В три часа ночи раздается звонок. Жена открывает, муж еле на ногах, гневно кричит:
— Ну что, накаркала?
В холодильнике холодно. Был как-то Сан Саныч в большом таком. Срочно их подняли, с тренировки сорвали и бросили мясо разгружать — словно во всём «Динамо» в Москве некому больше. Он тогда простыл. Правильно, лето, да после тренировки, а тут — ползай внутри промёрзлой камеры, развешивай огромные туши на крючья… Потом выскочишь и воду из фонтанчика на станции пьёшь, пока не забулькает в животе — а вода тоже ледяная. Сильно простыл — ангина, соплей полный нос. Даже уколы назначили. С тех-то пор Милютин говядину недолюбливал. А ещё помнил, как по грязному заплёванному полу этого промышленного холодильника волоком туши тащили — пойди подними её! Это потом на крючья вчетвером уже, с кряканьем и завыванием.

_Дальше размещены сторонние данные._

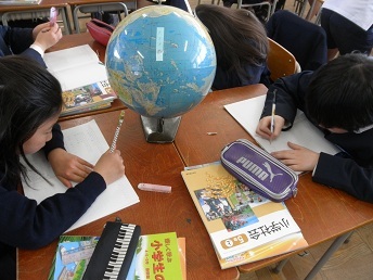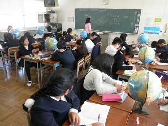 5年生で地球儀を使って、社会科の授業をしています。単元は「日本ってどんな国—日本のまわりの国々」です。世界の中の日本、グローバルな視点もここから始まります。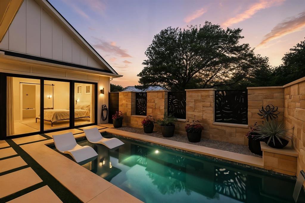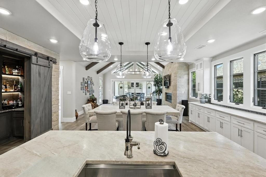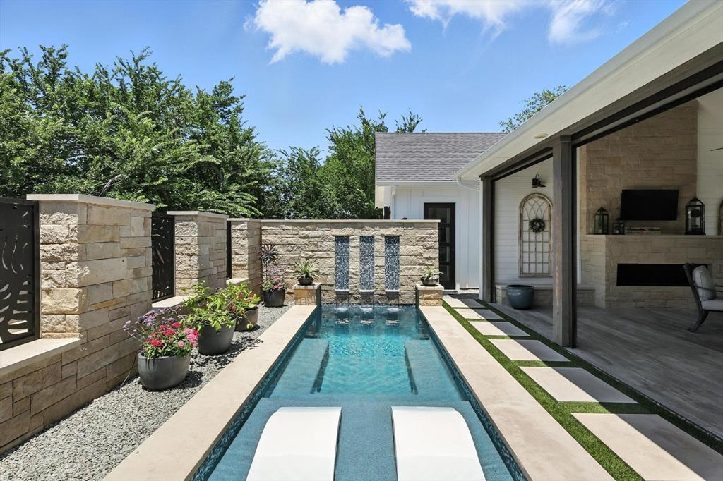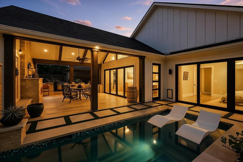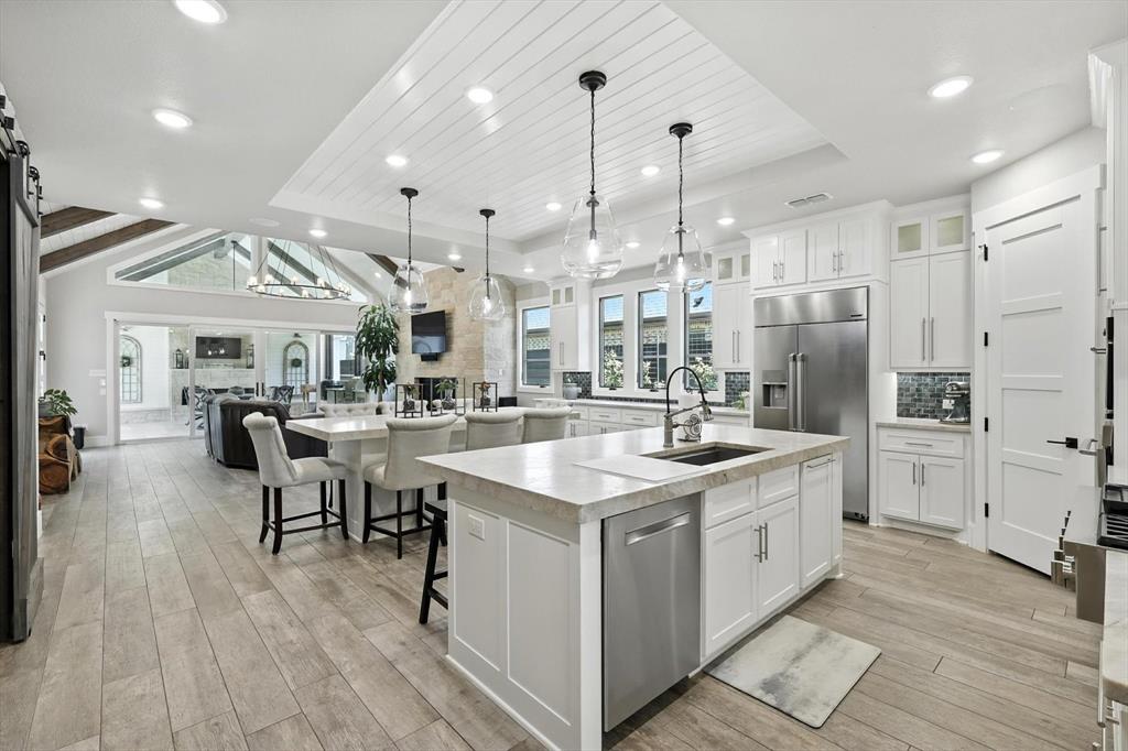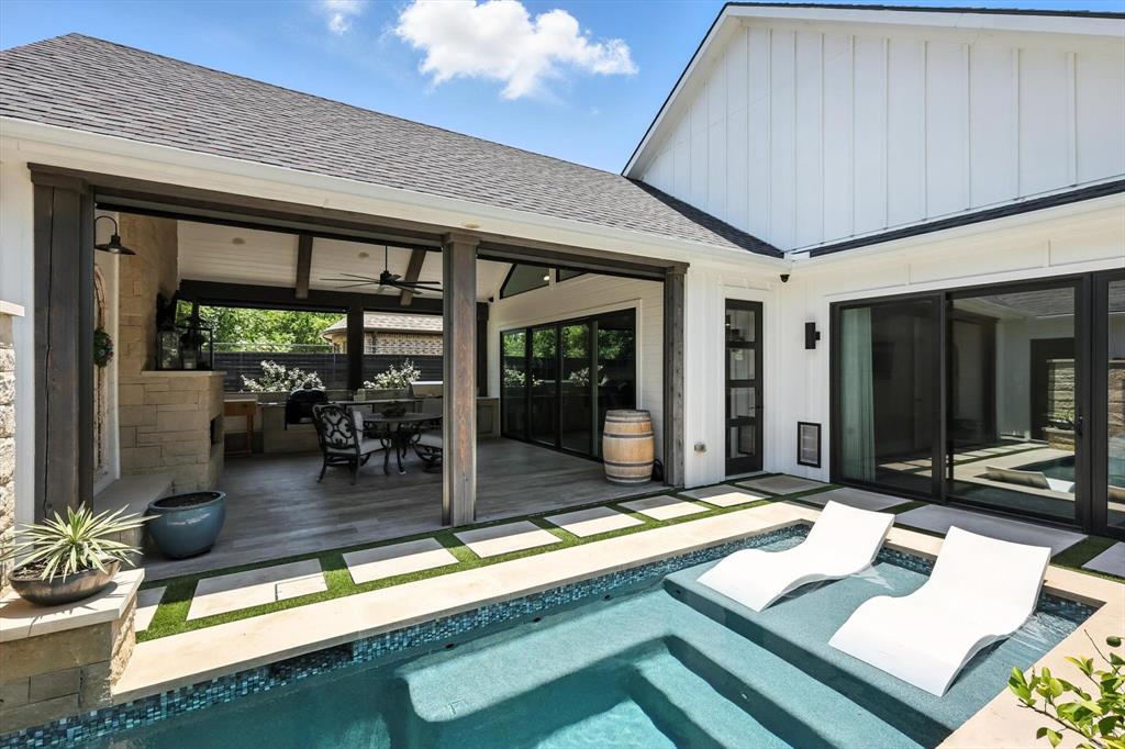 Step inside to find a chef-style kitchen with double islands, a wine bar, and seamless flow into the family room and dining area. Sliding glass doors lead to a covered patio with an outdoor kitchen and a beautifully designed custom gunite spool featuring a tanning ledge, heater, and chiller for year-round comfort. The private backyard also includes a gas firepit and a rear-entry detached garage, maximizing both curb appeal and privacy.

В Алма-Ате было хуже, чем в том холодильнике. Не минус, конечно — все же конец апреля, и юг, хоть и в горах. Но промозглый ветер, сырость… Дождя как такового нет, но в воздухе висит мокрая мерзость. Ощущение, что вернулся назад во времени, и опять в том холодильнике на станции. Только побольше холодильник — вон даже трамваи ходят, перезваниваясь друг с другом. На улицах людей нет, а редкие прохожие укутаны в плащи и куртки.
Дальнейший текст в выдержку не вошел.